WHAT THIS TASK INVOLVES —
Output only the lines from the line holding "7:27発で折り返し、西新井駅 7:29着。 |" through the close of the records, exactly as they appear, with all pictures omitted.

· · · ·

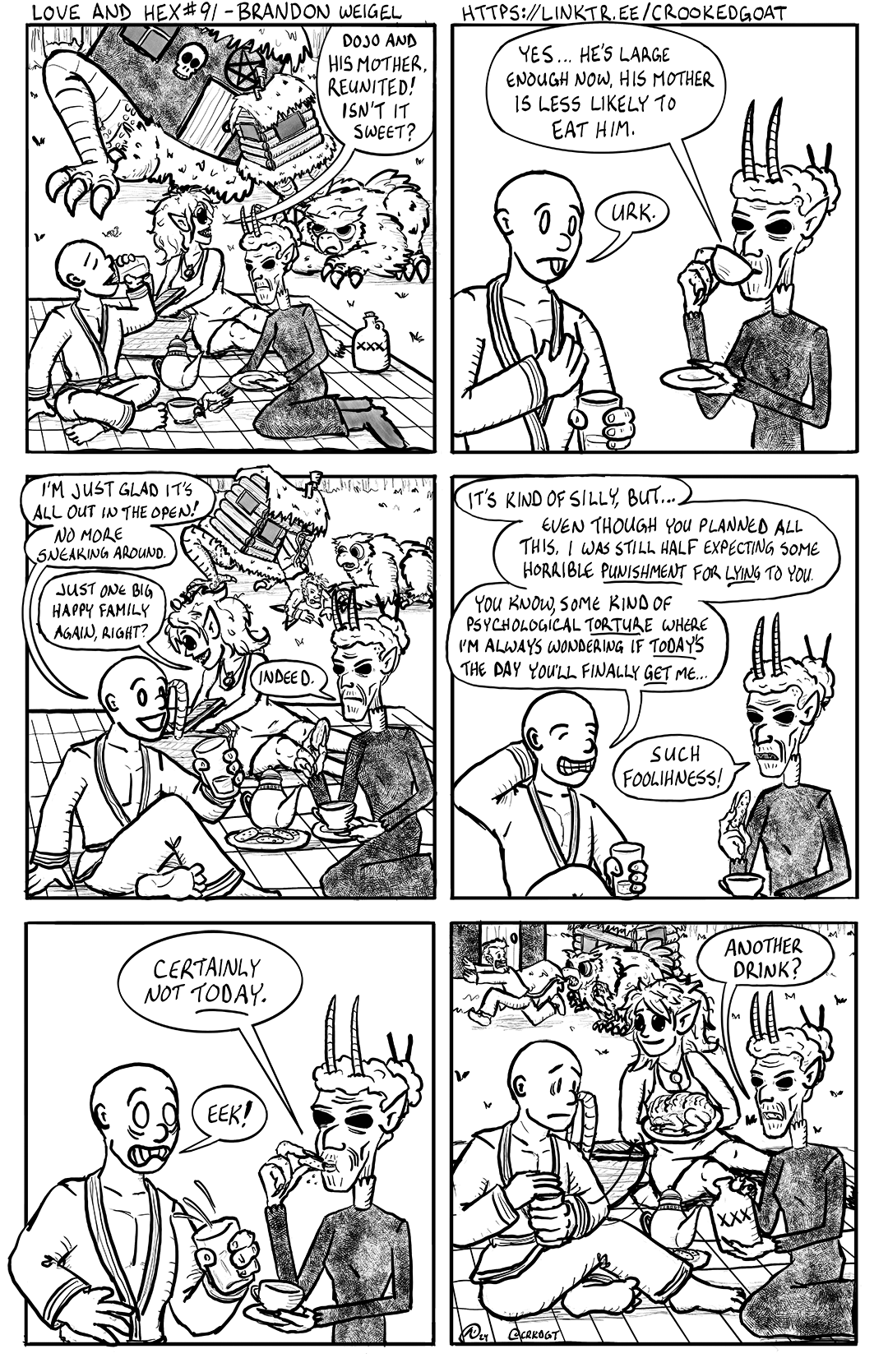 It’s the end of the House Training arc! A new arc featuring an old favourite character begins next episode, because I accidentally came up with a new storyline while skiing this weekend. There may be some Patron-only pages coming out of this.
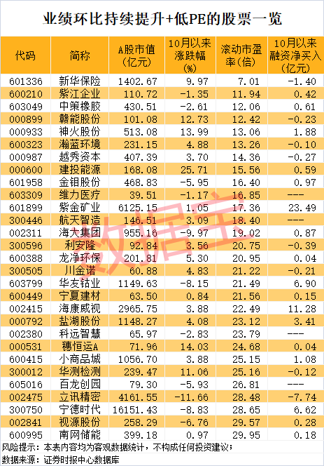 资金面上,近期部分业绩环比持续提升的低市盈率股票获得融资客加仓。数据宝统计,截至10月20日收盘,10月以来融资净买入超1亿元的有7只,分别为紫金矿业、海康威视、华友钴业、宁德时代、盐湖股份、神火股份、小商品城。紫金矿业融资净买入额23.49亿元,排在第一位。
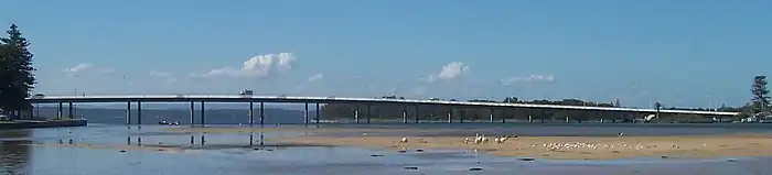 The Entrance Bridge links The Entrance with The Entrance North over The Entrance Channel as part of Wilfred Barrett Drive. It was originally a wooden single lane bridge with bypass bays and a traffic light that allowed traffic travelling in the opposite direction to pass.[13] It was opened in 1934. The original bridge was adequate until 1965 as it only served traffic travelling as far as The Entrance North.
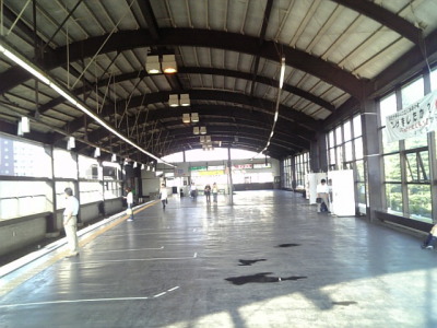 | 大師前駅 ホーム ドーム型の屋根が特徴になっています。 ホームは、片側1線しかありません。2両の電車が、1駅間をいったりきたりするだけなので、これでよいのでしょう。 大師前駅 7:27発で折り返し、西新井駅 7:29着。 |
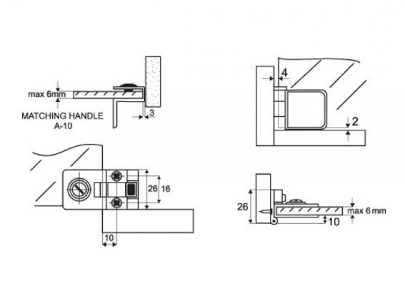 Závěs je určen pro vložené skleněné dvířka bez nutnosti vrtání do skla. Závěs je dodáván v párech (horní a spodní).
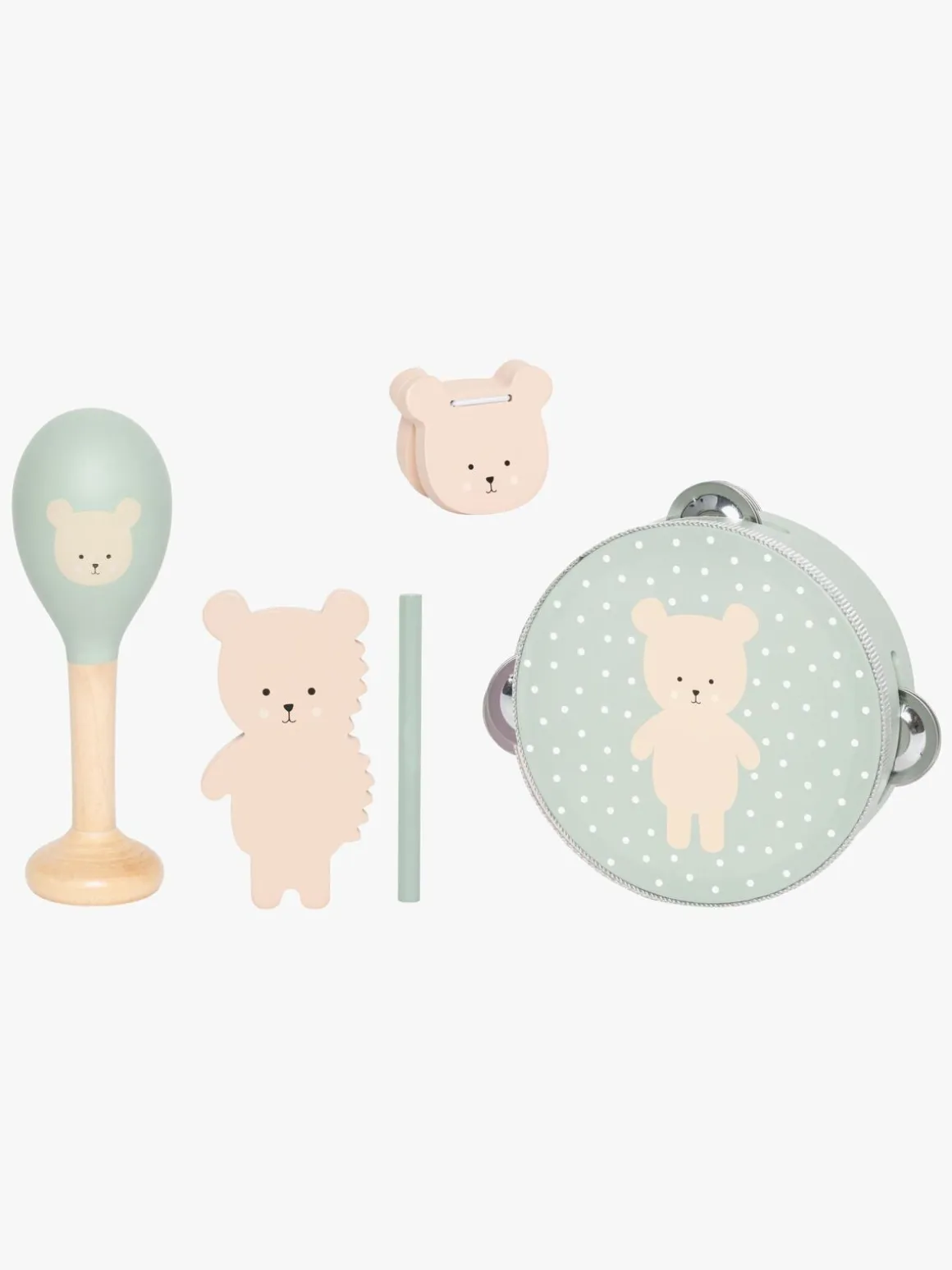 – Indeholder: 1 guiro, 1 tamburin, 1 maraca, 1 kastagnetter.

· · · ·

PROBLEM SOLUTION —
 | 大師前駅 ホーム ドーム型の屋根が特徴になっています。 ホームは、片側1線しかありません。2両の電車が、1駅間をいったりきたりするだけなので、これでよいのでしょう。 大師前駅 7:27発で折り返し、西新井駅 7:29着。 |
 Závěs je určen pro vložené skleněné dvířka bez nutnosti vrtání do skla. Závěs je dodáván v párech (horní a spodní).
 – Indeholder: 1 guiro, 1 tamburin, 1 maraca, 1 kastagnetter.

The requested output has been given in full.